Young Blinken worked as a lawyer and (briefly) journalist. He served on the National Security Council during the Clinton administration and spent time on Capitol Hill, where he was Democratic personnel director of the Senate Foreign Relations Committee when Biden was president. During the Obama years, Blinken served as Deputy National Security Advisor and Deputy Secretary of State.

Those who know Blinken describe him with words like “polite”, “smooth” and “nice” and often add that he plays the guitar well. Blinken has been the main face of Biden’s foreign policy during the 2020 campaign, advocating for positions such as the need for the United States to rebuild unraveled alliances by Donald Trump’s America First approach. Blinken has also been a major advocate for the United States to join the Iran nuclear deal.

Blinken was drawn into Republican efforts to ask Biden about his son Hunter’s business activities in Ukraine. Blinken was questioned as part of a GOP investigation into the matter. The investigation was ultimately unable to establish that Hunter Biden’s actions affected his father’s work as vice president or US policy toward Ukraine.

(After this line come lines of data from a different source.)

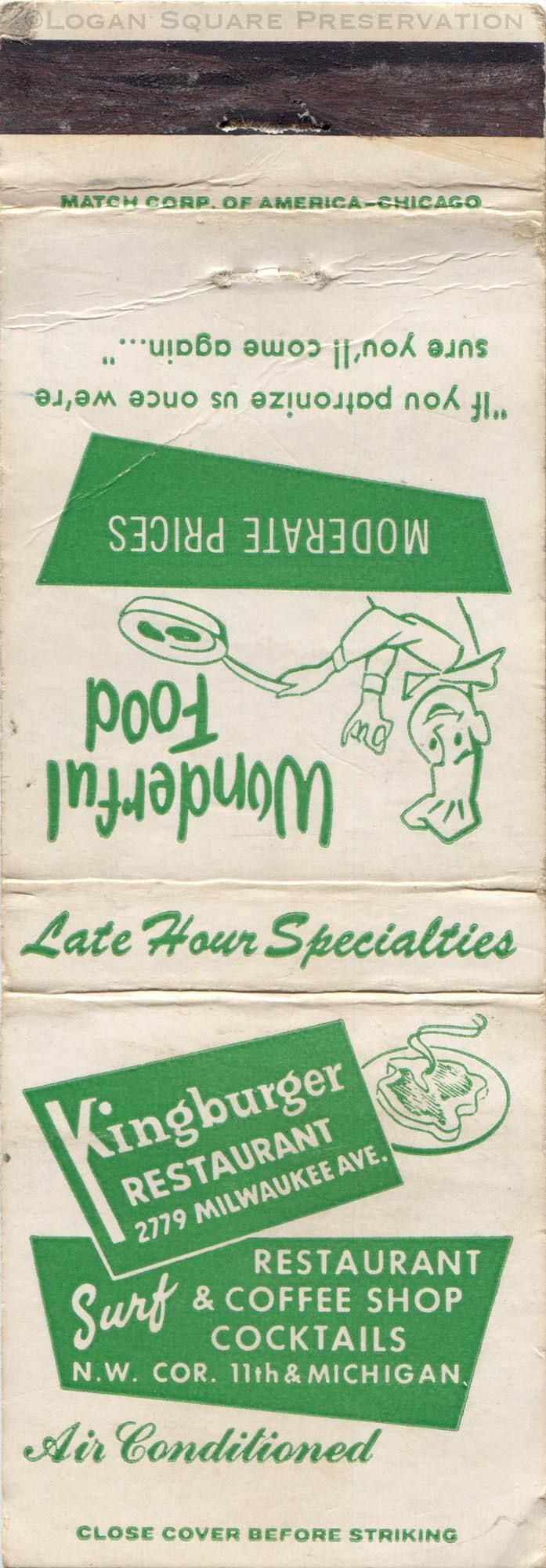 1.5" matchboook printed in green ink on cream paper for Kingburger and Surf restaurants, circa 1960sPublication Details
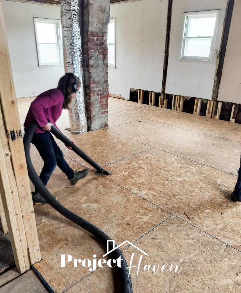 We finished cleaning out the exposed cavities and then vacuumed (yes, again). Ready to start on electrical!
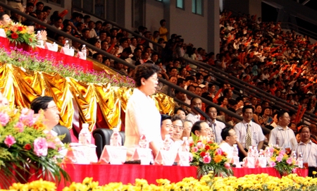 图为陈至立宣布中华人民共和国第八届大学生运动会开幕
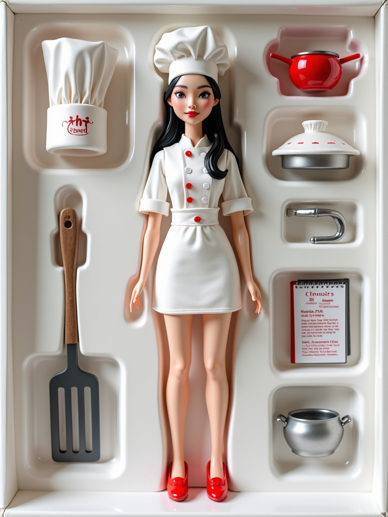 model as an action figure in packaging labeled 'CHEF COLLECTION'. Use model as a reference for the face. Model is 6 inches tall and dressed in chef uniform, and holding a spatula. The cardboard section should be white. Include an 'Accessories' section with items like chef hat, cooking pot, and recipe book. Make the design visually appealing and reflective of culinary arts. Do not include the character image on packaging.
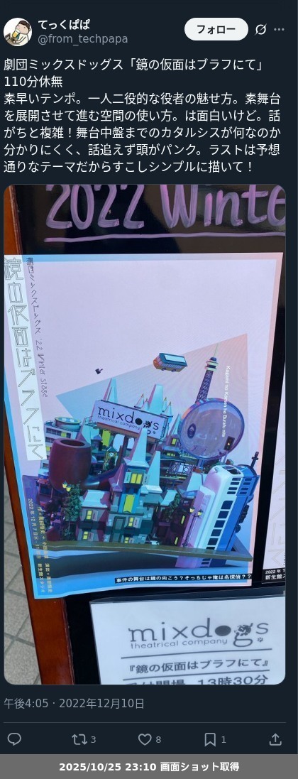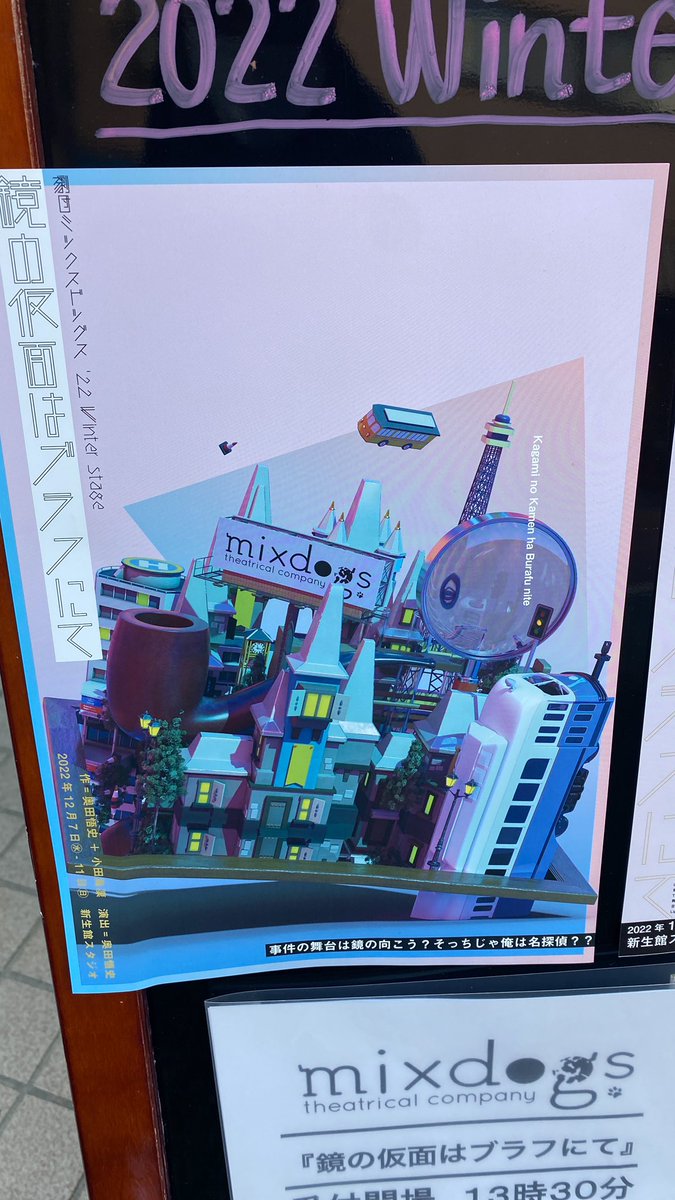 【ネタバレ分離】昨日観た芝居、 劇団ミックスドッグス「鏡の仮面はブラフにて」の観劇レポートです。

Sullivan is perhaps best known for his role as assistant to former Secretary of State Hillary Clinton, working for her in the State Department and serving as a key figure in her 2016 presidential campaign. He is at the start in his forties, but he gained a reputation as a young genius in the field of foreign policy. He was instrumental in shaping the Iran nuclear deal and was Biden’s national security adviser for a time when Biden was vice president.

Since the loss of Clinton, Sullivan has spent time researching ways to make American foreign policy more responsive to the domestic needs of the United States. He has written or co-authored a number of essays that attempt to fill in the gaps that have often separated foreign and economic policy, and it was believed he could be placed in a country-focused role in a House. Blanche Biden.

The role of the White House’s national security adviser does not require Senate confirmation.

Thomas-Greenfield spent 35 years in the Foreign Service, including as Ambassador to Liberia and Assistant Secretary of State for African Affairs. She is one of Washington’s most prominent black female diplomats.

She has also spent time as a senior human resources official at the State Department and could provide Biden with valuable advice as he seeks to rebuild the morale of US diplomats who have often felt cut off under the Trump administration. .

While the role of ambassador to the United Nations will require confirmation from the Senate, it was not immediately clear whether Biden intended to place the post in his cabinet.

Before the November 3 election, Susan Rice, former national security adviser to Barack Obama, was considered one of the first to serve as secretary of state. But sources say Republicans’ likely control over the Senate raised concerns that she would not survive a confirmation battle. Rice had become a lightning rod to conservatives over her role following the 2012 attack on the U.S. mission in Benghazi, Libya, as well as her ties to the “Unmask” Trump’s aides.